When we first got engaged, it was fun to think about all of the things that our wedding could be. But it turns out that what made it so fun was that we were thinking about the planning completely backwards.
Once we started the bigger, necessary steps to get wedding planning off the ground, like looking at venues, my head was buzzing with budgets, locations, and trade-offs — and I wanted nothing to do with any of it.
Let’s step back for a moment.
The “honeymoon period” of wedding planning
Within days of getting engaged, we started to have a lot of fun thinking about the highly personal details of our wedding — the favors, the décor, and the music playlist.
Friends and family back home were all too happy to share in our unwitting bliss by not being concerned with anything more than the ring and the proposal.
But now that we are a couple of months into our engagement, my fiancé and I are past the point where the only question people ask is how he proposed; now, everyone also wants to know whether we’ve set a date.
And setting a date, as it turns out, is overwhelming. It’s overwhelming because in order to set a date, we need to pick a venue. And picking a venue — especially one in New York — is overwhelming.
The reality check
We dutifully started to look into venues online, and asked for recommendations among friends and acquaintances. Before long, we had put together a diverse list of venues — big, small, indoor, outdoor, traditional, alternative, and so forth. And while it did strike us as odd that almost no place publicly listed their prices, with as many options as we had, this was going to be easy, right?
We emailed a dozen of our favorites.
One of the first to get back to us was within walking distance of our homes. I figured this would be a good practice run to get introduced to the process. Even if we didn’t like it, it would inform us to which questions we should ask about other places and how things like decorations and space might come into play.
When we arrived for our appointment, the place seemed nice, if maybe a little old and dusty, but we told each other that just added to its charm. During the tour, we found that if the weather allowed us to have the entire party outside, we’d have to get two different sets of chairs to accommodate grass and rocks — not to mention having to compete with street noise and the unsightly traffic, playground, and alleys visible over the waist-high fences. And if we chose or were forced to hold it indoors, half of our guests would have to stand to watch the ceremony.
The informative, personable director giving us the tour was wonderful, but as every little annoying compromise added up, we started to get turned off.

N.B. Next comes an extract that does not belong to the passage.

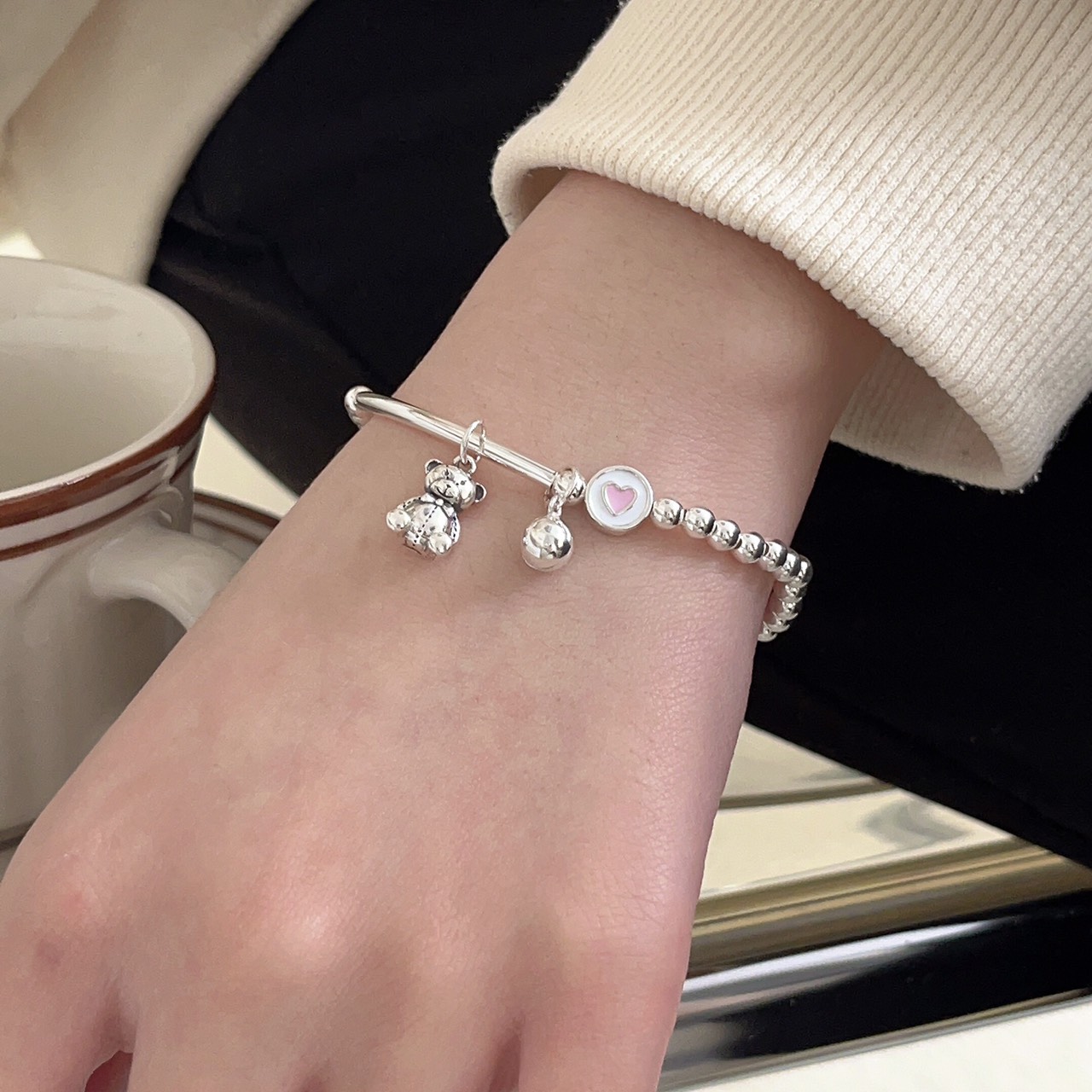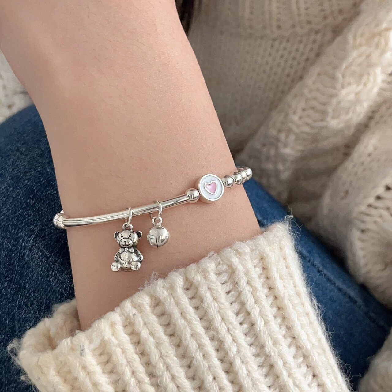 Là con gái, hẳn bạn luôn bị cuốn hút trước những bộ cánh thời trang và những đôi giày sành điệu. Tuy nhiên để làm hoàn hảo hình ảnh của mình trong mắt người đối diện, các bạn cần thêm những món phụ kiện bé bé xinh xinh để điểm tô cho vẻ ngoài thêm ấn tượng. Và hôm nay, S sẽ mang đến các bạn cơ hội sở hữu chiếc lắc tay rất dễ thương, được làm bằng bạc ta. Sản phẩm thích hợp với những bạn gái có phong cách dịu dàng, nữ tính.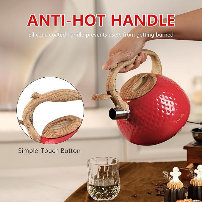 harriet Tea Kettle, Tea Pot for Stovetop, 2.5QT Whistling Kettle with 5-Layers bottom, Food Grade Stainless Steel Kettles with Hot-Resistant Handle Gas Electric Applicable, Red

And that’s when we talked price — a price that would have taken us to the very edge of our budget — and this was before we had spent a penny on anything other than venue, chairs, and food.
I thanked the director warmly, but left in a daze.
I got back home as the emails from the other venues started to roll in — each promising its own high price alongside too many compromises. Looking at the number of places we’d have to weigh these for, I panicked.
I had dreamed our walk-throughs would paint a dazzling picture of our event, but all I felt was anxiety.
It was in this cloud of anxiety about overpriced, compromise-heavy New York venues that we decided to take a long break from even thinking about venues.
But after attending a relative’s wedding a few weeks ago, and having an engagement party last weekend, we realized that the longer we allow ourselves to stay overwhelmed, the longer we put off our wedding, and the further we are from getting married.
We had to get serious about planning again. But this time, I’m determined to make it fun.
In order to work toward securing a venue, while still enjoying the process, we’ll do as much research as possible before the visit and pair each walk-through with an excuse for an adventure, like going on a hike in North Jersey or out for dinner and dancing in Philadelphia.
Do you have any other tips to get over the hurdle of looking at venues?